- [Collected material]
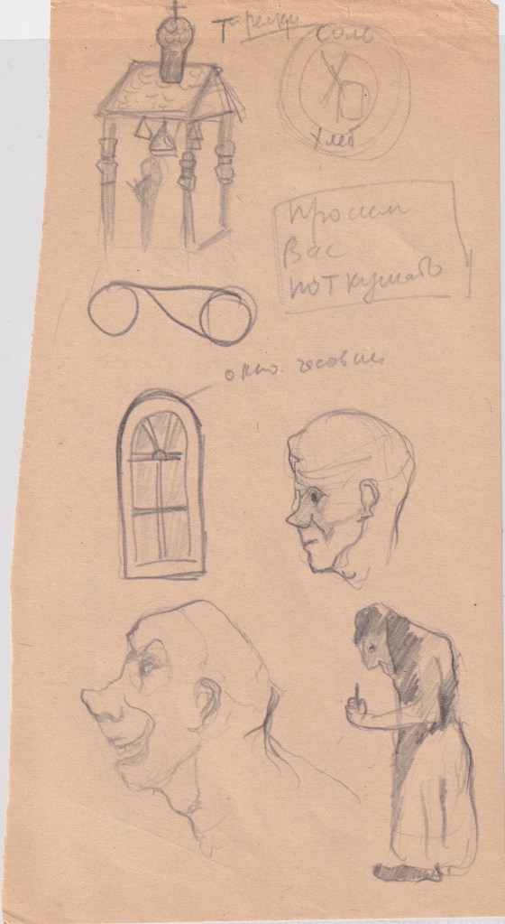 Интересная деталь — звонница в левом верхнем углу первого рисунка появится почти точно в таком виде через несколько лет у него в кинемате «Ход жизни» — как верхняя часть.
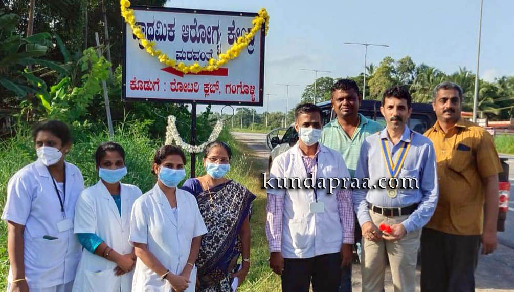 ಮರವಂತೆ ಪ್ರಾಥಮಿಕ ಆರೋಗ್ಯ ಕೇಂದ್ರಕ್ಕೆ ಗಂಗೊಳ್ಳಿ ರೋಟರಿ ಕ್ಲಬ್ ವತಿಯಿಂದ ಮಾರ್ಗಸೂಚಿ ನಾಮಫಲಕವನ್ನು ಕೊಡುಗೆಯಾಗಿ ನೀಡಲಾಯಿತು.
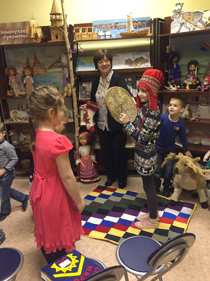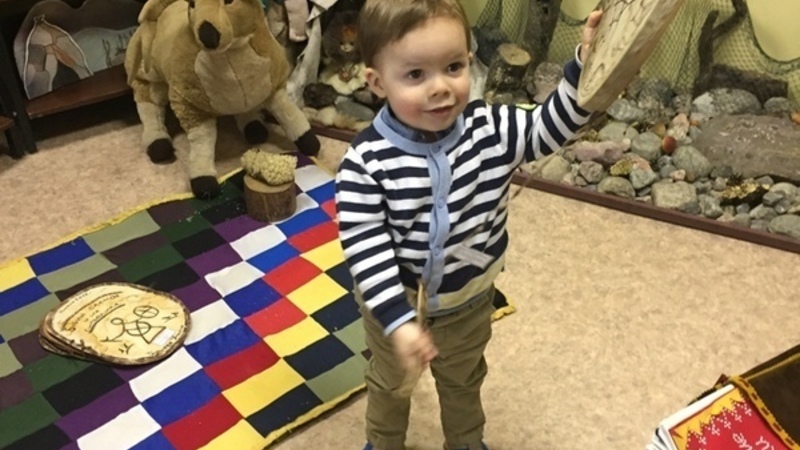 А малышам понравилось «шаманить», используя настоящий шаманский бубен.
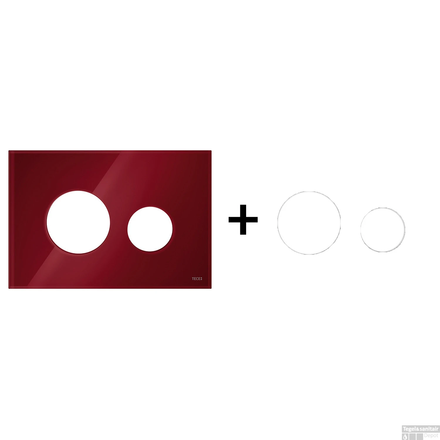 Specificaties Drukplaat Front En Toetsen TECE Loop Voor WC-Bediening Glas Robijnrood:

- [Problem to solve]
All of the data must be repeated exactly, except for the pictures.

- [Solved problem]
 Интересная деталь — звонница в левом верхнем углу первого рисунка появится почти точно в таком виде через несколько лет у него в кинемате «Ход жизни» — как верхняя часть.
 ಮರವಂತೆ ಪ್ರಾಥಮಿಕ ಆರೋಗ್ಯ ಕೇಂದ್ರಕ್ಕೆ ಗಂಗೊಳ್ಳಿ ರೋಟರಿ ಕ್ಲಬ್ ವತಿಯಿಂದ ಮಾರ್ಗಸೂಚಿ ನಾಮಫಲಕವನ್ನು ಕೊಡುಗೆಯಾಗಿ ನೀಡಲಾಯಿತು.
 А малышам понравилось «шаманить», используя настоящий шаманский бубен.
 Specificaties Drukplaat Front En Toetsen TECE Loop Voor WC-Bediening Glas Robijnrood:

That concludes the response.